Will Gaertner: Just maybe talk a little bit about the share gains. What’s driving that? Are you selling into new doors at existing retailers or is it new retailers? Are you getting shelf space with core product or is this driven more by category expansion?

Scott Baxter: This is Scott. Will, I’ll tell you exactly what’s doing a great product. Our team is designing and building fantastic product that our consumers want and you combine that great product with things like the new Lainey Wilson collection, our new STAUD collaboration that we’ve continued and just those things that we’re doing. It’s just driving the consumer to our brand. It’s a really exciting time. Lots of just excitement and enthusiasm about both brands and that’s just adding to what’s going on here at our company. Again, I go back to, it’s a fairly simple formula. You build really great products, you market it really well, you treat your consumers really well, we sell our product at a very fair price, a lot of value and people love our brands. It’s a great combination for us.

Will Gaertner: Are you expanding it to new retailers or is it more existing doors? Can you just kind of give a little bit more color there?

Scott Baxter: We’ve expanded into some new retailers for sure. And then in the second half of this year, we do have some new business that we’ve talked a little bit about, which is part of the reason that we’re going to have a little acceleration in our revenue. And that is happening both at existing customers and also at new customers. And some of our new areas that we talked about earlier, like outdoor and Ts, are really working and they’re picking up new distribution too. So it is a combination of all of those.

Operator: Our next questions come from the line of Paul Kearney with Barclays.

Paul Kearney: Most of them have been answered, but maybe can you talk about the investments you’re making for the back half innovation and channel launches? Where are you allocating marketing? And how should we think about that spend longer term on the SG&A line?
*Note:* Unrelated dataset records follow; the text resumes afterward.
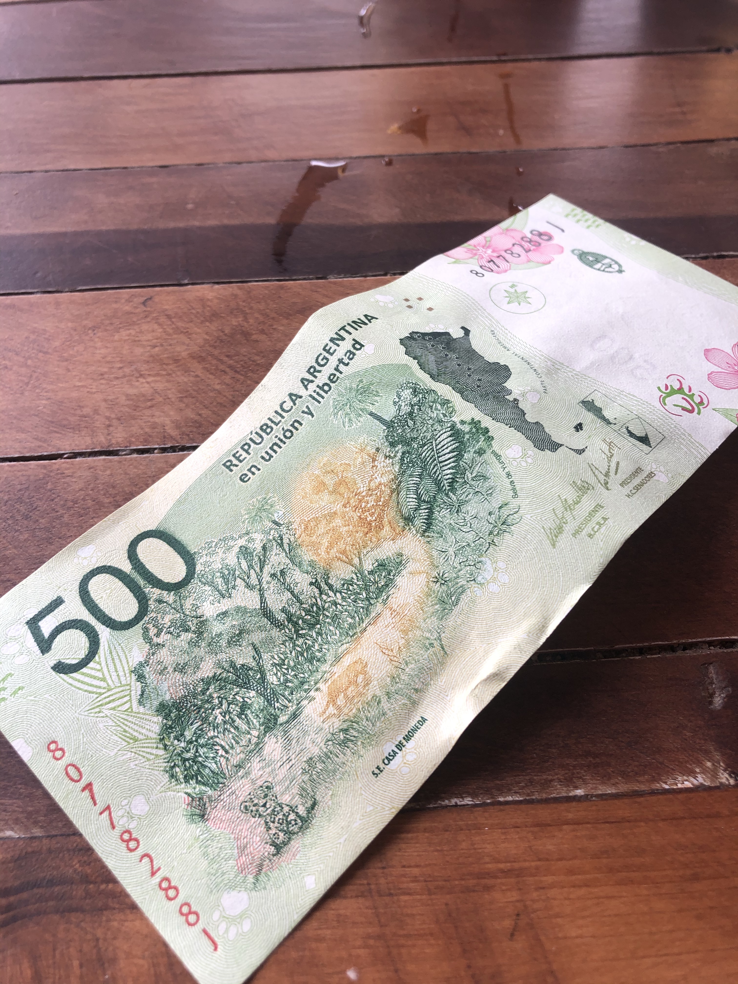 Við komum hingað með töluvert af dollurum vitandi það að einhver áhætta væri í argentíska gjaldmiðlinum (ARS) og að betra gæti verið að hafa dollara. Hér eru gjaldeyrishöft og hömlur sem ég taldi mig þekkja frá Íslandi en munurinn er sláandi. Ef þú átt pesóa hér þá geturu bara að mestu skipt innlenda gjaldmiðlinum upp í 100 dollara á mánuði.
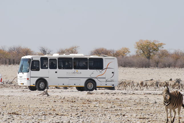 Pirschfahrt durch den Etosha National Park auf der Suche nach Raubtieren, Antilopen, Reptilien und einer riesigen Anzahl an Vögel. Die Fahrzeuge ermöglichen mit den großen Schiebefenster die bestmögliche Sicht auf die Tiere und Landschaft. Je nach Jahreszeit, werden verschieden Routen gefahren, jedoch konzentrieren sich diese hauptsächlich auf die zahlreichen Wasserstellen, wo sich die Tiere sammeln um Ihren Durst zu löschen.
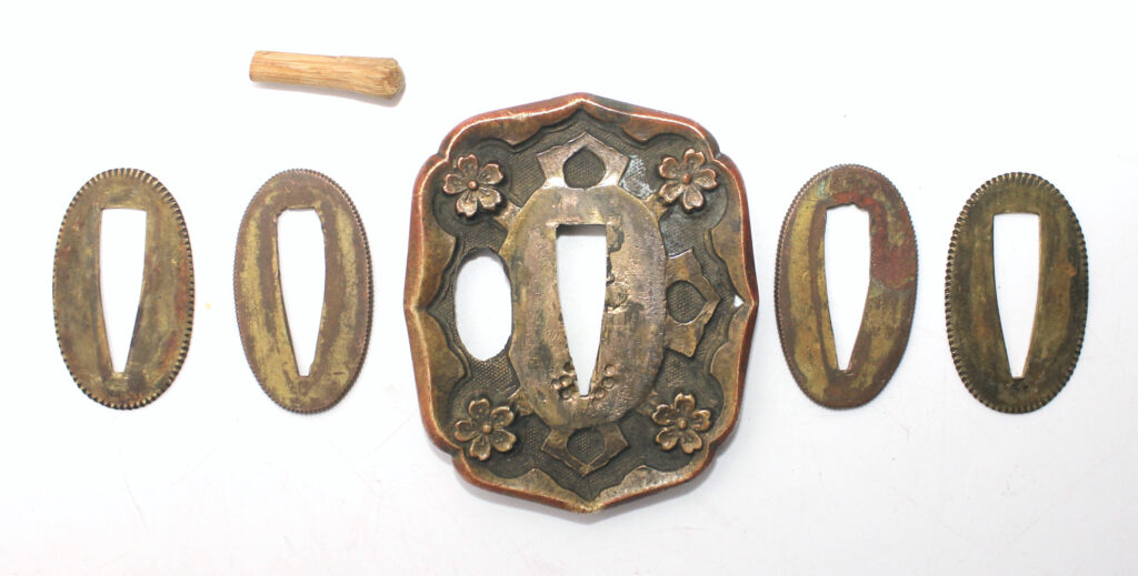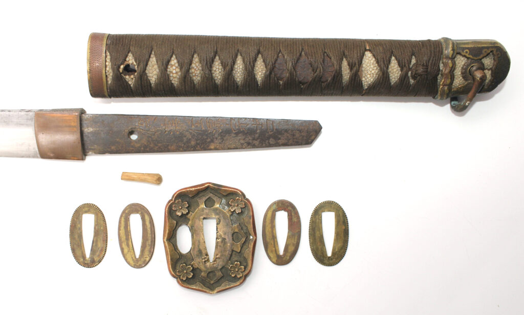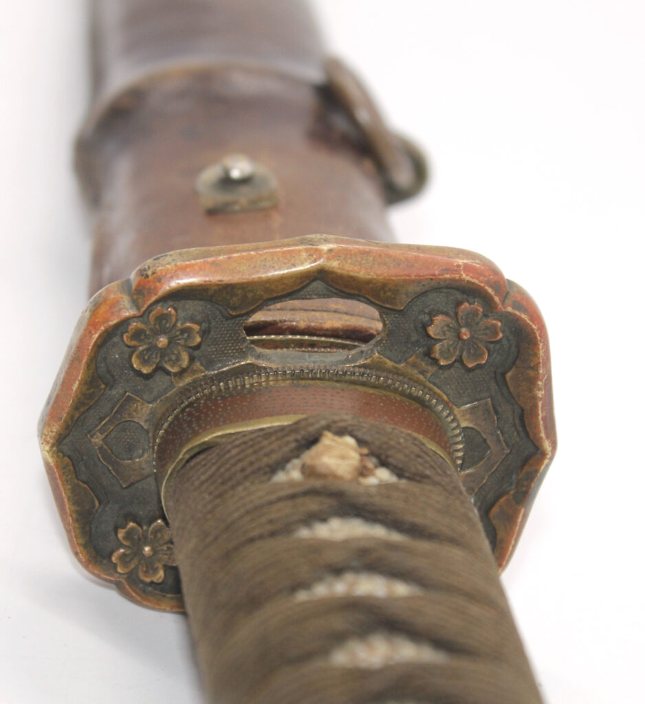 Les montures du sabre et du fourreau sont pour la plupart sont ornées de fleurs de cerisier. La Tsuba (garde) est accompagnée de seppa de chaque coté. Tous les éléments sont bien serrés entre eux.
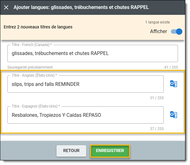 - Votre cours sera traduit automatiquement et les titres du cours apparaîtront dans les langues traduites. Cliquez sur SAUVEGARDER
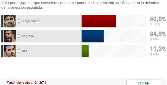 2 – Пепе, Иско, Бэйл, Бензема (все – Реал Мадрид), Сан Хосе (Атлетик), Антунеш (Малага), Габи, Коке, Филипе Луис (все – Атлетико), Педро (Барселона), Кани, Джовани дос Сантос (оба – Вильярреал), Кабальеро (Малага), Педро Леон (Хетафе), Аррибас (Осасуна), Гризманн (Сосьедад), Алекс Лопес (Сельта), Эль-Араби (Гранада)
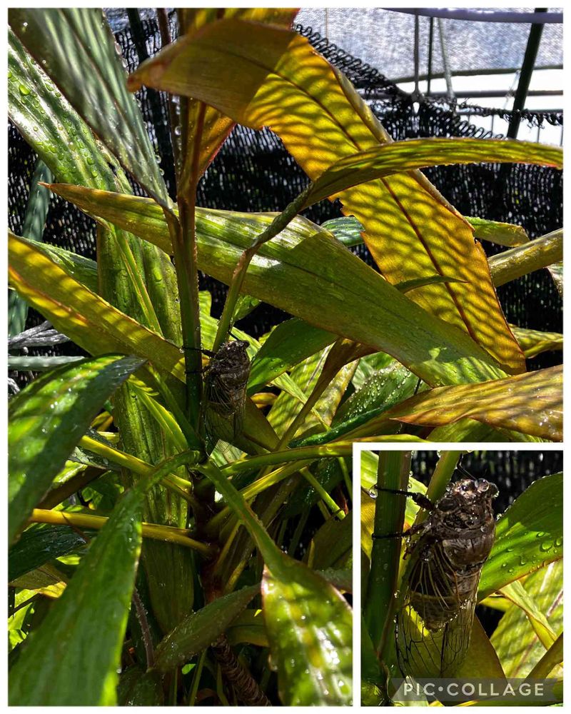 梅雨明け間近で例年より遅い蝉の声、数も少ないです。蝉さん日よけの下でひと休み、水やりしたら面倒臭そうに飛び立って行きましたよ。

Scott Baxter: We’ve done a really nice job of accelerating our marketing spend since the spin and we continue to do that. But I think the most important thing is we’ve actually been very intelligent on how we’ve done that going forward. I think one of the things that’s been really important for us here is our new consumer insights focus. When we built our new ERP system, it gave us an opportunity to go ahead and build out our consumer insights group for both Wrangler and Lee, which really wasn’t very robust before. And let me give you a really great. example of how that’s worked. We found out here recently, not that long ago, through our new consumer insights groups, that our lead male consumer is playing and also watching more golf than the average consumer.
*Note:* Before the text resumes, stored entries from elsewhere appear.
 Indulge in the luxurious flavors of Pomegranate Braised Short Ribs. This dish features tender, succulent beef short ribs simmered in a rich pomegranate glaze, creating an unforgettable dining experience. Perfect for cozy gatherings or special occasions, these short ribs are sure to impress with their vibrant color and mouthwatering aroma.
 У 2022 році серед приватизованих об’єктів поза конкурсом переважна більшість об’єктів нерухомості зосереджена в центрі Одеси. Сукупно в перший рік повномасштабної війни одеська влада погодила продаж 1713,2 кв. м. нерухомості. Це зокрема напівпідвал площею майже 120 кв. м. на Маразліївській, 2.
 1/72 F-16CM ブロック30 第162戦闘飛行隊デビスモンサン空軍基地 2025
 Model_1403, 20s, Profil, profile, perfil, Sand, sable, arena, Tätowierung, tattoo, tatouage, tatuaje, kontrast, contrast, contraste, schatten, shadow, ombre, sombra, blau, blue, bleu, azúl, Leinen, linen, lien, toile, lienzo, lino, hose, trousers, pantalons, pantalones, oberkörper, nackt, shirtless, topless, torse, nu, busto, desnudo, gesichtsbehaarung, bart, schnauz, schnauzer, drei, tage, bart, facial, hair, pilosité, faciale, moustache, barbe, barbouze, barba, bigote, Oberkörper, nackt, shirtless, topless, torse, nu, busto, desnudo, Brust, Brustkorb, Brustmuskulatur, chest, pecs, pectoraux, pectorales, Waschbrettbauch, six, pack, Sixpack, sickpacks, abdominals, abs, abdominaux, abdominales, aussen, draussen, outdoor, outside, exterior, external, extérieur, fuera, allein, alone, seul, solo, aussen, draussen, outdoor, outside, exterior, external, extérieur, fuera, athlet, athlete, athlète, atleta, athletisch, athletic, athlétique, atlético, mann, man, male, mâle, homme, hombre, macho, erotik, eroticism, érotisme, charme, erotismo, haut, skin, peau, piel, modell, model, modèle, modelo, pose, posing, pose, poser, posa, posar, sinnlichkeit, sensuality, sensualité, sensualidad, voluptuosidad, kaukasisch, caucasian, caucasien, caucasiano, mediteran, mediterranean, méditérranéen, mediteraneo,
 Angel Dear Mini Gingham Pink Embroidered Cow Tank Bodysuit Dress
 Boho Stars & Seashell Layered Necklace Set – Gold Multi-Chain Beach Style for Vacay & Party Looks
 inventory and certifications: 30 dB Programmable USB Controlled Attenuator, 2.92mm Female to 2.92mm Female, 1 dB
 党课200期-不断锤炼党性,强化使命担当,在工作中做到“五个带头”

So we went ahead and went to the market with a new lead golf pant short, and that just kicked off in the marketplace, and it’s actually kicked off in a really nice way. We’ve been really pleased with the performance of it already. But that’s a great example of how we’re looking at these different opportunities and utilizing our new ERP system and investing in consumer insights going forward.

Operator: Thank you. There are no further questions at this time. I’d now like to turn the floor back over to Scott Baxter for any closing remarks.

Scott Baxter: Folks, I just wanted to thank you for all your questions and thank you for your interest in our company and certainly appreciate that. And have a wonderful beginning of the summer. And we’ll look forward to touching base with you in July about midsummer and getting you up to date on our progress and everything we talked about today. But again, thank you for your participation today and we’ll talk to you soon.

Operator: Thank you. This does conclude today’s teleconference. We appreciate your participation. You may disconnect at this time. Enjoy the rest of your day.